• Data excerpts
___

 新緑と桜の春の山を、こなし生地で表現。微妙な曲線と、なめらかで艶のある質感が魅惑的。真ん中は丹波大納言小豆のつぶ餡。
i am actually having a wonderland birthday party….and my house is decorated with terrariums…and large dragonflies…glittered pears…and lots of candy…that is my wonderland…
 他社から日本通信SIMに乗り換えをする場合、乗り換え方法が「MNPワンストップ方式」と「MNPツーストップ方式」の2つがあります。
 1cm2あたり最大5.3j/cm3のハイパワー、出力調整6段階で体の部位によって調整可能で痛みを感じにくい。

___

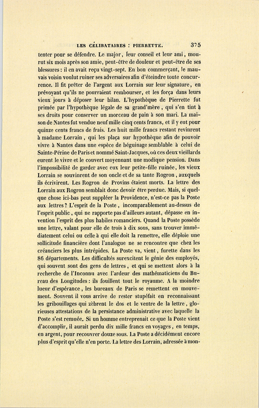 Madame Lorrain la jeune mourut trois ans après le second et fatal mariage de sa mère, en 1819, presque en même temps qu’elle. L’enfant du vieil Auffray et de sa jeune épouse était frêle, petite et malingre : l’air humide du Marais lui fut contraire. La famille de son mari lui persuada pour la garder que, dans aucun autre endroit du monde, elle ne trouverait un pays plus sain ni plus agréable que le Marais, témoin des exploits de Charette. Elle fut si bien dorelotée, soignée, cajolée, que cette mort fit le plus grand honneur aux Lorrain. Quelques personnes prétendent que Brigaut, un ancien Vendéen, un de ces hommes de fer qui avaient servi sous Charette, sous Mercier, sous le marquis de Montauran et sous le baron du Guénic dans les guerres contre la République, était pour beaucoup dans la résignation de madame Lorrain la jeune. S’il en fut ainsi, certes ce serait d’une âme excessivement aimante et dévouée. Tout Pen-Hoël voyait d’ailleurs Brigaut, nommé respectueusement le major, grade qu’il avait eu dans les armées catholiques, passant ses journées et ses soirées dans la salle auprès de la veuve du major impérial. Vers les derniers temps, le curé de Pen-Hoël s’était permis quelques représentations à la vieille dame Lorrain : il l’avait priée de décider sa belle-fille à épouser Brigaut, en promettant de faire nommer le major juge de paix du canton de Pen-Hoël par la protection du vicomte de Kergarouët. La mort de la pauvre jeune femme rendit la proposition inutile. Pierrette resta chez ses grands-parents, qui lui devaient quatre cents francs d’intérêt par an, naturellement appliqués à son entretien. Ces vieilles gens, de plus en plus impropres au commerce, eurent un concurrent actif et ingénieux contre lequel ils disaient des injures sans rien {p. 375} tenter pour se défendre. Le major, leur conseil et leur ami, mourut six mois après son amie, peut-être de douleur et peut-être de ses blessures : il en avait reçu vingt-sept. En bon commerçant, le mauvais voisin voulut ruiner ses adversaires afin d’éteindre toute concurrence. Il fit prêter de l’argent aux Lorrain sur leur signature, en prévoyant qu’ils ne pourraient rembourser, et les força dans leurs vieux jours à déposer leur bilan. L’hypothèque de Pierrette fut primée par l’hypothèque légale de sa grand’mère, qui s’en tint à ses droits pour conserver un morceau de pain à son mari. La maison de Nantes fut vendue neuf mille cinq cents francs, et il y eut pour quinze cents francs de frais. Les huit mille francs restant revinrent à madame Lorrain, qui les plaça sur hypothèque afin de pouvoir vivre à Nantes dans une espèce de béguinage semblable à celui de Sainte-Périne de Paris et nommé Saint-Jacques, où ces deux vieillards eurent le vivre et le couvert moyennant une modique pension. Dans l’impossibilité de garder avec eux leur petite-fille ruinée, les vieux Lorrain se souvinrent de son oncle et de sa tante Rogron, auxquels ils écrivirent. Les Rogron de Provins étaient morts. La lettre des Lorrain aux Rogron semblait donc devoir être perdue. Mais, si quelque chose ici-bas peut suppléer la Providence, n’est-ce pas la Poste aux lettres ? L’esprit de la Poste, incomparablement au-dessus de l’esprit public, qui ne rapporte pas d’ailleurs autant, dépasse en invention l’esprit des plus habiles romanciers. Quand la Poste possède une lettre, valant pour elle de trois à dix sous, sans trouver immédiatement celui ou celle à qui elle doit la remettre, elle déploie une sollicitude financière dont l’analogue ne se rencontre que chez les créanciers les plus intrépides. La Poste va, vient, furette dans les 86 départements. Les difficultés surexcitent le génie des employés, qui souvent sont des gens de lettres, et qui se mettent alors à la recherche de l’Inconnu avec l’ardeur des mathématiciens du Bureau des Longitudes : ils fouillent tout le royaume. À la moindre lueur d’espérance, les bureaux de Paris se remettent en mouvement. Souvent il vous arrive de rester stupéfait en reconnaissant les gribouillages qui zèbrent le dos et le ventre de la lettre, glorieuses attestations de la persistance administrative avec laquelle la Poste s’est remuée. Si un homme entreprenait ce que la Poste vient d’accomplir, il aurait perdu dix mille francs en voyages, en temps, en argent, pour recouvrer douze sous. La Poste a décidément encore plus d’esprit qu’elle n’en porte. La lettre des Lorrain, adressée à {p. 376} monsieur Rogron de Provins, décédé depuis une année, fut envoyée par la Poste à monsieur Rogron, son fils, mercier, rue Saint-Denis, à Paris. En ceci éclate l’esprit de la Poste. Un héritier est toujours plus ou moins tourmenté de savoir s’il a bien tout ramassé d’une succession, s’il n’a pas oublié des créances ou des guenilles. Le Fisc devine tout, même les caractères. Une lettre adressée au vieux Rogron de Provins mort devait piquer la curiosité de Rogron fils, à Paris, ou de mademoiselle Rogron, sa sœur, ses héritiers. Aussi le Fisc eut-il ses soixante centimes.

___

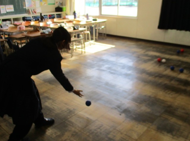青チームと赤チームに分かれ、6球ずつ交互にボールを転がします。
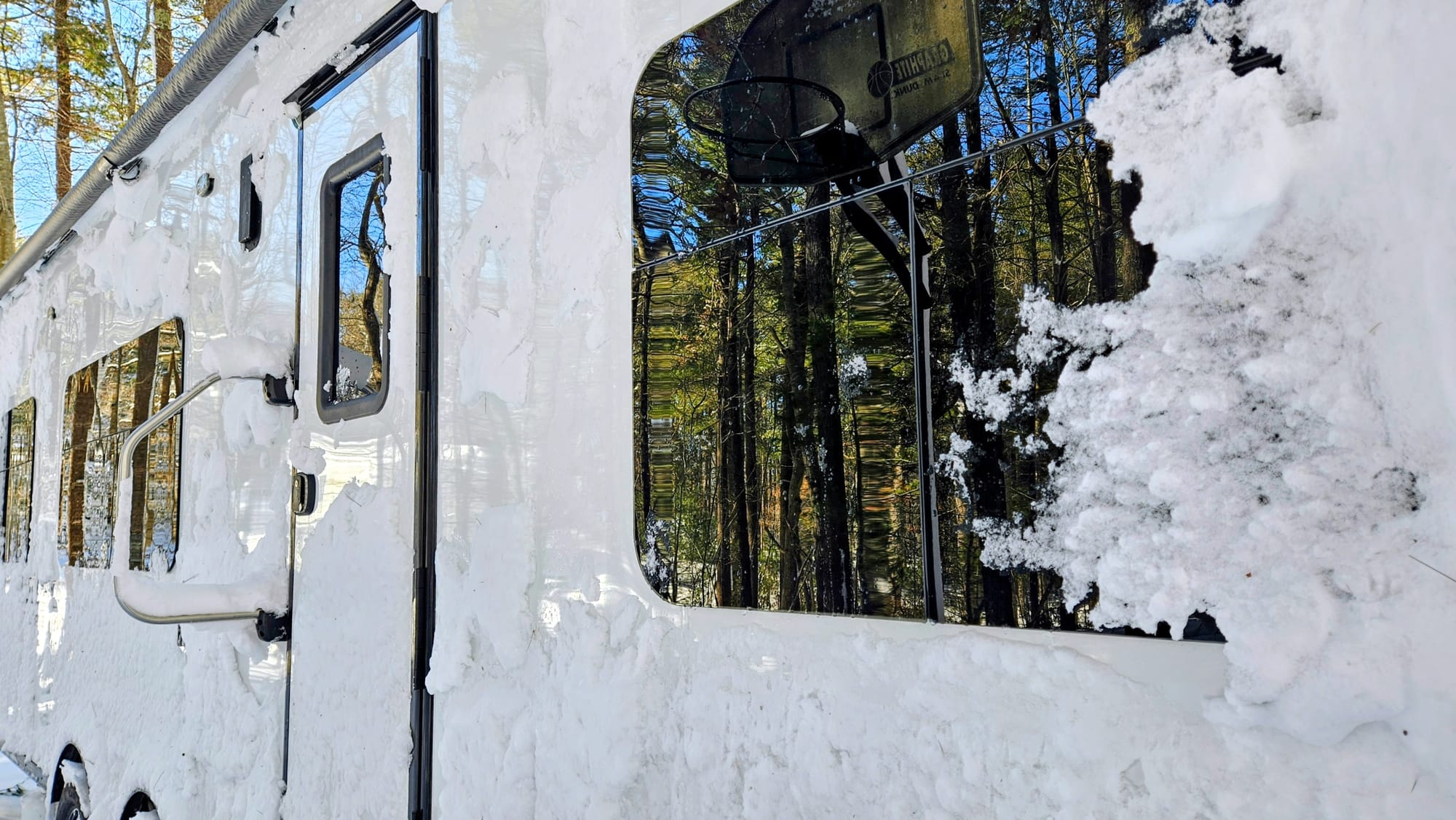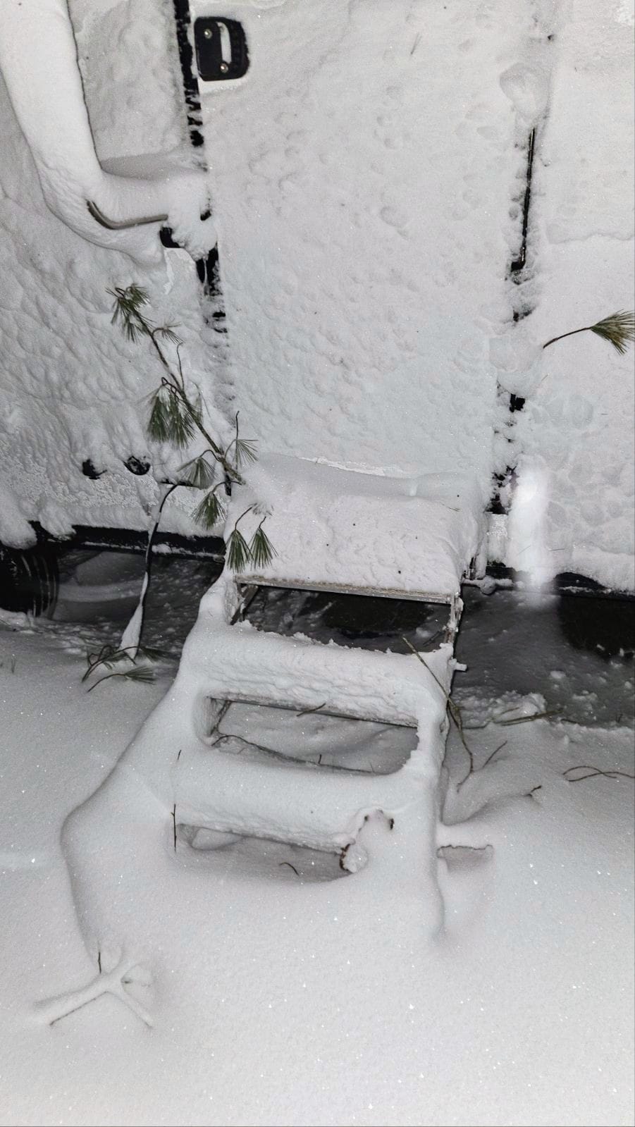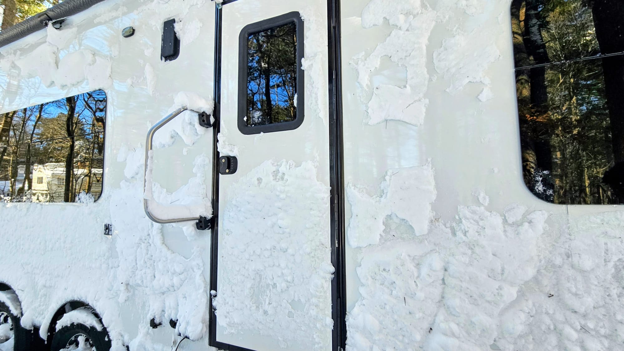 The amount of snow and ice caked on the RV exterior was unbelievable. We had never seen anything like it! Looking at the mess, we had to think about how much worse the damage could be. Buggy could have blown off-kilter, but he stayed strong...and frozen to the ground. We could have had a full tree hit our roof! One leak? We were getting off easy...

___

Take exactly the lines from the one containing "新緑と桜の春の山を、こなし生" through the one containing "1cm2あたり最大5.3j/" in the data above, and output them with nothing added.

• Answer to the exercise
 新緑と桜の春の山を、こなし生地で表現。微妙な曲線と、なめらかで艶のある質感が魅惑的。真ん中は丹波大納言小豆のつぶ餡。
i am actually having a wonderland birthday party….and my house is decorated with terrariums…and large dragonflies…glittered pears…and lots of candy…that is my wonderland…
 他社から日本通信SIMに乗り換えをする場合、乗り換え方法が「MNPワンストップ方式」と「MNPツーストップ方式」の2つがあります。
 1cm2あたり最大5.3j/cm3のハイパワー、出力調整6段階で体の部位によって調整可能で痛みを感じにくい。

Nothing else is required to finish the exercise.